WHAT TO PRODUCE =>
Repeat only the lines from the one containing "本系统旨在满足普通用户、志愿" to the final line below, exactly as they read, and leave every picture out.

== DATA IN THIS EXERCISE

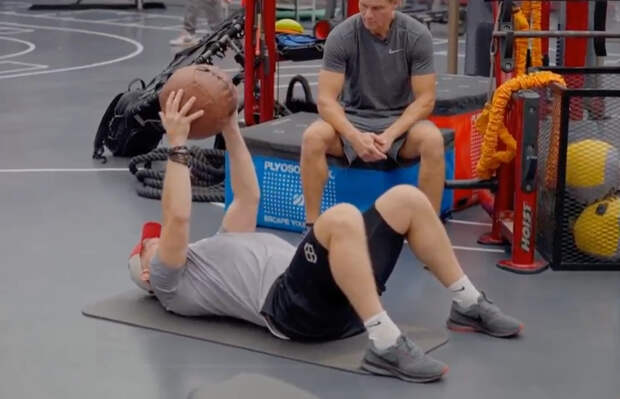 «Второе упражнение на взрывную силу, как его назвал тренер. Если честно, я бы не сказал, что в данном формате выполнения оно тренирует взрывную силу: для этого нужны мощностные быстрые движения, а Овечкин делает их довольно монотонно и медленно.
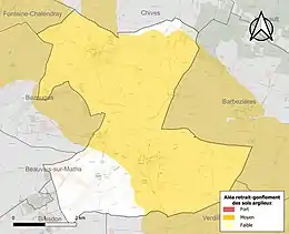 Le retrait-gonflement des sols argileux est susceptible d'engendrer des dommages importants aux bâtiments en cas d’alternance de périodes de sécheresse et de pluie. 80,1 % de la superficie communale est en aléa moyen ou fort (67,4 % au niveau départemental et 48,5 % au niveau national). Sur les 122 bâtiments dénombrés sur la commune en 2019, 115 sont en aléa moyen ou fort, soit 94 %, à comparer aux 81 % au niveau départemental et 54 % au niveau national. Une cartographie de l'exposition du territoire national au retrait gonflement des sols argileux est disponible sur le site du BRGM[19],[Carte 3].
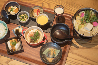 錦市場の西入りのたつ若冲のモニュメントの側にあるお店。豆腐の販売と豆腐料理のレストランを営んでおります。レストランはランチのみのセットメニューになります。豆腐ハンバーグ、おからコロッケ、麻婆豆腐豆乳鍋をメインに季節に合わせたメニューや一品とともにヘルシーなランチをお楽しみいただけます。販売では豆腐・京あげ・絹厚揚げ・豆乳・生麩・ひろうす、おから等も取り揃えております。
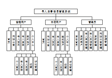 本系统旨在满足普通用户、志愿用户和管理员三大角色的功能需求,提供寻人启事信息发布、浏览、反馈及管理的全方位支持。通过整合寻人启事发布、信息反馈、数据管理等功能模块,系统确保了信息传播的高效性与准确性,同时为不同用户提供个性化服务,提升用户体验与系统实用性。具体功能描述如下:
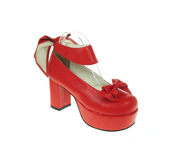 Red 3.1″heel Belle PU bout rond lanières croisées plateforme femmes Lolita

====

RESPONSE TO THIS EXERCISE =>
 本系统旨在满足普通用户、志愿用户和管理员三大角色的功能需求,提供寻人启事信息发布、浏览、反馈及管理的全方位支持。通过整合寻人启事发布、信息反馈、数据管理等功能模块,系统确保了信息传播的高效性与准确性,同时为不同用户提供个性化服务,提升用户体验与系统实用性。具体功能描述如下:
 Red 3.1″heel Belle PU bout rond lanières croisées plateforme femmes Lolita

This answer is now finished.